AlSammarraie Alhasan, Househ Mowafa
Faculty College of Science and Engineering, Hamad Bin Khalifa University, Doha, Qatar1.
Acta Inform Med. 2025;33(1):4-10. doi: 10.5455/aim.2024.33.4-10.
Patient Education is a healthcare concept that involves educating the public with evidence-based medical information. This information surges their capabilities to promote a healthier life and better manage their conditions. LLM platforms have recently been introduced as powerful NLPs capable of producing human-sounding text and by extension patient education materials.
This study aims to conduct a scoping review to systematically map the existing literature on the use of LLMs for generating patient education materials.
The study followed JBI guidelines, searching five databases using set inclusion/exclusion criteria.
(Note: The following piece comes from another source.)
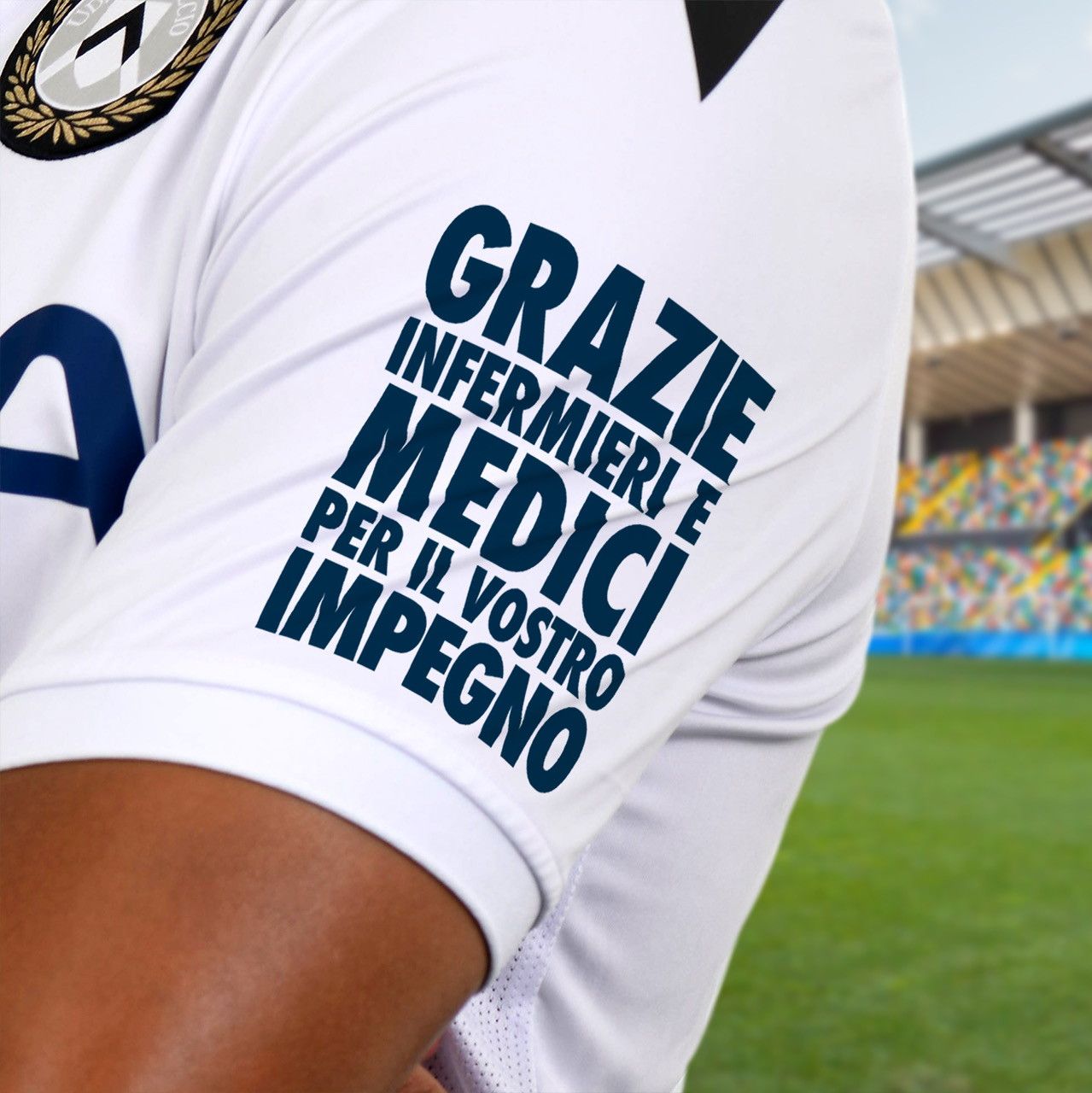 L’Udinese in campo contro l’Atalanta con una maglia dedicata agli operatori sanitari per l’impegno profuso durante l’emergenza coronavirus: "In occasione del primo match da disputare alla Dacia Arena dalla ripresa del campionato, Udinese Calcio vuole omaggiare chi ha combattuto, in prima linea, il Covid-19. Il club, dunque, ha scelto di dedicare un’apposita patch, applicata sulle maglie utilizzate nella gara contro l’Atalanta, su cui compare la scritta: 'Grazie infermieri e medici per il vostro impegno'. Un gesto simbolico e, al tempo stesso, emblematico per dimostrare la gratitudine di tutta la famiglia bianconera ai tutto il personale sanitario per l’abnegazione, la professionalità e l’autentica vocazione per la propria missione dimostrata in questi tempi duri. Contestualmente, sui led a bordocampo, Udinese Calcio e il suoi tifosi omaggeranno anche i tifosi dell’Atalanta e tutta la popolazione bergamasca duramente colpita dal virus, un modo per dimostrare vicinanza e dare l’incoraggiamento ad una città intera che ha sofferto e che, adesso, rinasce anche attraverso il calcio", si legge nella nota ufficiale del club friulano.

A RAG-inspired framework was employed to extract the variables followed by a manual check to verify accuracy of extractions. In total, 21 variables were identified and grouped into five themes: Study Demographics, LLM Characteristics, Prompt-Related Variables, PEM Assessment, and Comparative Outcomes.
Results were reported from 69 studies. The United States contributed the largest number of studies. LLM models such as ChatGPT-4, ChatGPT-3.5, and Bard were the most investigated. Most studies evaluated the accuracy of LLM responses and the readability of LLM responses. Only 3 studies implemented external knowledge bases leveraging a RAG architecture. All studies except 3 conducted prompting in English. ChatGPT-4 was found to provide the most accurate responses in comparison with other models.
This review examined studies comparing large language models for generating patient education materials. ChatGPT-3.5 and ChatGPT-4 were the most evaluated. Accuracy and readability of responses were the main metrics of evaluation, while few studies used assessment frameworks, retrieval-augmented methods, or explored non-English cases.
患者教育是一种医疗保健理念,涉及用循证医学信息对公众进行教育。这些信息增强了他们促进更健康生活和更好管理自身病情的能力。大语言模型(LLM)平台最近作为强大的自然语言处理工具被引入,能够生成类似人类的文本,进而生成患者教育材料。
本研究旨在进行一项范围综述,以系统梳理关于使用大语言模型生成患者教育材料的现有文献。
本研究遵循循证卫生保健国际协作网(JBI)指南,使用设定的纳入/排除标准搜索五个数据库。采用一种受检索、生成、优化(RAG)启发的框架来提取变量,随后进行人工检查以验证提取的准确性。总共识别出21个变量,并将其分为五个主题:研究人口统计学、大语言模型特征、提示相关变量、患者教育材料评估和比较结果。
69项研究报告了结果。美国的研究数量最多。ChatGPT-4、ChatGPT-3.5和Bard等大语言模型是研究最多的。大多数研究评估了大语言模型回答的准确性和可读性。只有3项研究利用RAG架构实施了外部知识库。除3项研究外,所有研究均以英语进行提示。与其他模型相比,ChatGPT-4被发现能提供最准确的回答。
本综述审视了比较用于生成患者教育材料的大语言模型的研究。ChatGPT-3.5和ChatGPT-4是评估最多的。回答的准确性和可读性是主要评估指标,而很少有研究使用评估框架、检索增强方法或探索非英语案例。